The mean curvature $H$ depends on the choice of unit normal. Flip $\mathbf{n}\to -\mathbf{n}$ and every principal curvature switches sign, so $H\to -H$. The Gaussian curvature $K = \kappa_1\kappa_2$ is unaffected because the two sign flips cancel. This is why "$H = 0$" (minimal surface) is well-defined while "$H > 0$" requires a chosen orientation.
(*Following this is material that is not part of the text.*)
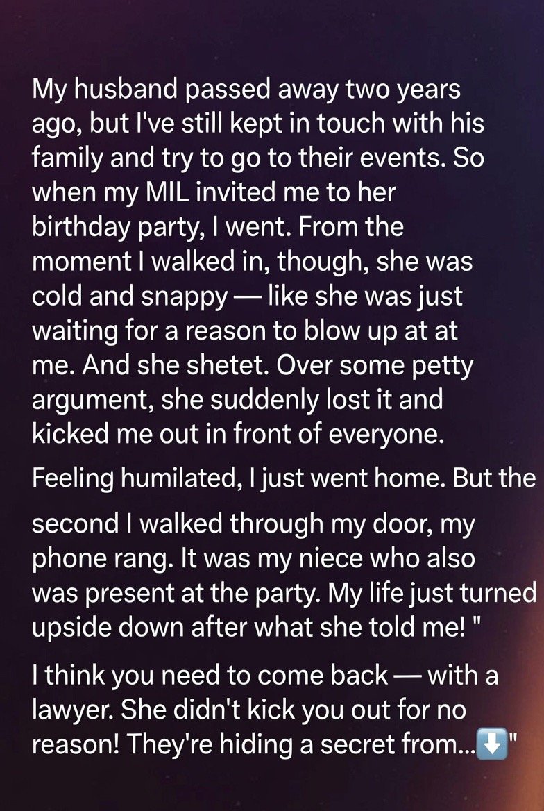 Two years after my husband Mark passed away, I still made an effort to see his family when they invited me. That’s why I was surprised and a little suspicious — when his mother, Kara, sent me an invitation to her birthday party. From the second I stepped inside her home, her smile was tight and her words were laced with judgment.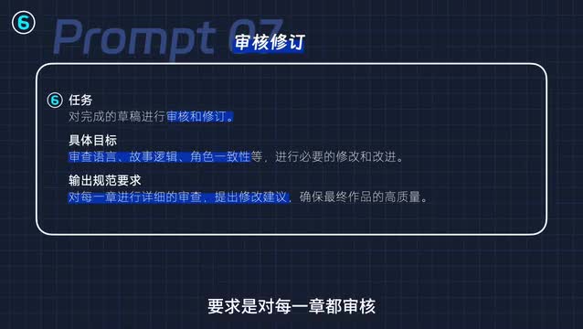 那当你完成小说之后,最后一步就是审核修订也来到了最后一条prompt任务是审核和修订。要审核语言、故事、逻辑、角色一致性要求是对每一章都审核并且修改。做完上述的步骤,你就可以得到一篇高质量的小说,这就是a i写小说的基本方法。我把今天会用到的所有提示语整理成了一个文档。

When you read a paper that quotes mean curvature, always check which normal convention is in force.

What you now know

You can compute the two principal curvatures of a surface, combine them into Gaussian curvature $K$ and mean curvature $H$, classify points as elliptic / hyperbolic / parabolic / planar from the sign of $K$, and state the Theorema Egregium that distinguishes intrinsic from extrinsic geometry. The next section combines these point-wise quantities into a single global statement — the Gauss-Bonnet theorem — where the integral of $K$ over a closed surface turns out to encode pure topology.

References

• Garrity, T. (2002). All the Mathematics You Missed: But Need to Know for Graduate School. Cambridge University Press, ch. 7.
• do Carmo, M. P. (2016). Differential Geometry of Curves and Surfaces (2nd ed.). Dover, ch. 3.
• Pressley, A. (2010). Elementary Differential Geometry (2nd ed.). Springer, ch. 6-8.
• Spivak, M. (1999). A Comprehensive Introduction to Differential Geometry (3rd ed., Vol. 3). Publish or Perish, ch. 3.
• Misner, C. W., Thorne, K. S., Wheeler, J. A. (2017). Gravitation. Princeton University Press, ch. 11 (Riemannian curvature in higher dimensions).